Six weeks ago I was biking in Hilton Head with my family when I had trouble pedaling up a steep hill.  I put my foot on the ground, intending to dismount and push the bike up the hill.  I don’t remember much, but I felt more than heard the snap, crackle, pop in my ankle just before I went down, skinning my arm in the process.   I couldn’t move, much less stand.  I just knew a shard of bone was sticking out of my ankle as I lay there on the scorching pavement under the shade of palms waving in the wind, praying no one would come flying over the hill on their bike and run me over.  When Mark helped me to my feet, the shock kicked in and tingles rippled through my leg, replacing the shards of electric pain.  Blackness closed in around and nausea rose in my stomach and chest and I knew sitting was going to be a semi-permanent position for while. 

Level three sprain, the doctor called it.  I had completely torn the ligaments.  My ankle was swollen to three times its normal size, a thick fat sausage, black and blue and purple all over.  It was going to be a long time before I could walk without the help of crutches or the special boot they’d given me. 
And running was definitely (depressingly) out of the question for at least three months.   

Like running, writing is something that’s pretty much a part of who I am.  I put on my ear buds, listen to music, and run for miles, free and happy and listening to my characters tell me their stories.   They’re real, and I feel what they’re feeling.  But like that bicycle six weeks ago, a couple of rejections have knocked me down, telling me that my writing is passive, my characters are not engaging, my beginnings are weak, my worlds aren’t clear. 

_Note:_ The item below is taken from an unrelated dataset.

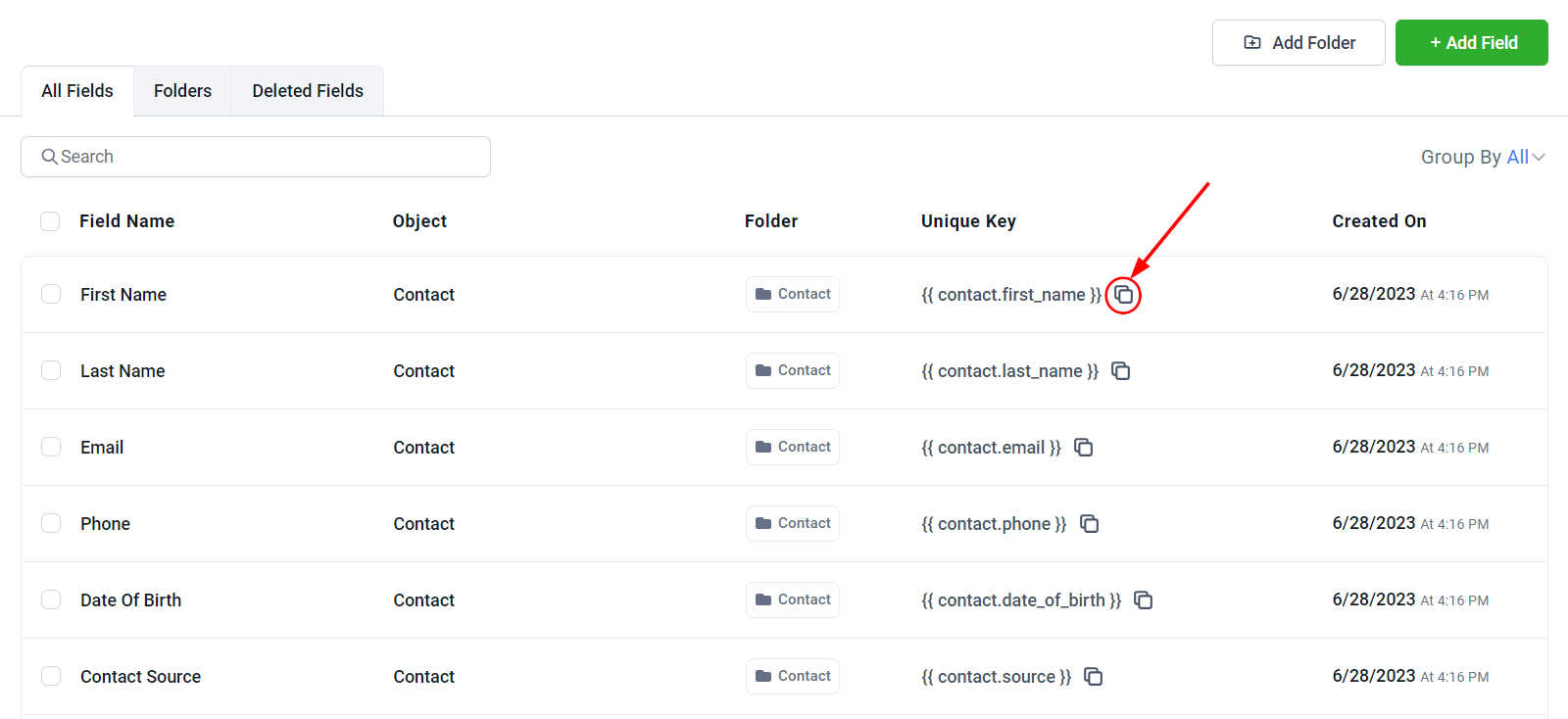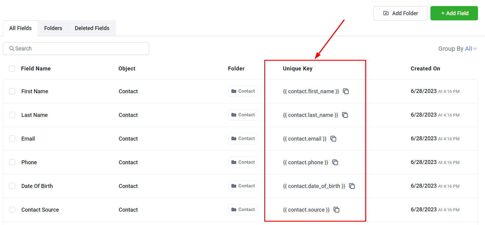 The Unique Key serves as an identifier when obtaining data through webhooks or incorporating custom information into communication channels such as emails and text messages. This key is generated automatically, taking the format based on the name assigned to your custom field, ensuring a seamless integration process.

(Sickening crack of ligaments tearing, crashing to the ground)

See, writers are used to rejection.  I certainly am.  When agents and publishers receive an average of fifteen hundred queries a week, rejection is almost a given.  We pick ourselves up and try again.  And again.  But these very specific ones left me on the ground, broken and unable to get up.  Confidence, like a body, can wane the older one gets, I suppose.  It takes longer to heal.

But, it does, surely if not slowly.  The light reveals itself around the darkness.  Aching throbs will probably always be in that joint, but at least my shoes fit now.  I have to wear a small brace but only sometimes hobble around like an extra from The Walking Dead, and running is, well, still not happening.  But, I can get up and walk around on my own, unlike that first day.

The rejection aches, too, but they let me know I tried; they told me what I may need to work on and yeah, even told me some good things about my work.  I saw these once the dust settled and eventually that Scarlet O’Hara “another day” attitude did kick in and that felt good.  And so this is me, pushing myself off the pavement, ready to go again.  I may not be hitting the pavement running like I want, but I’m up and I’m walking around. 

I’m probably never going to write as much as or at the level that I want, just like I can’t run at the level that I want right now.  I might never, but here’s the thing: I love it. 

Injuries and rejections don’t take that away. 

And so that’s why I’m still here, listening to my characters, trying to tell their stories the best I can.  

Eventually I’ll be running while listening to them, too!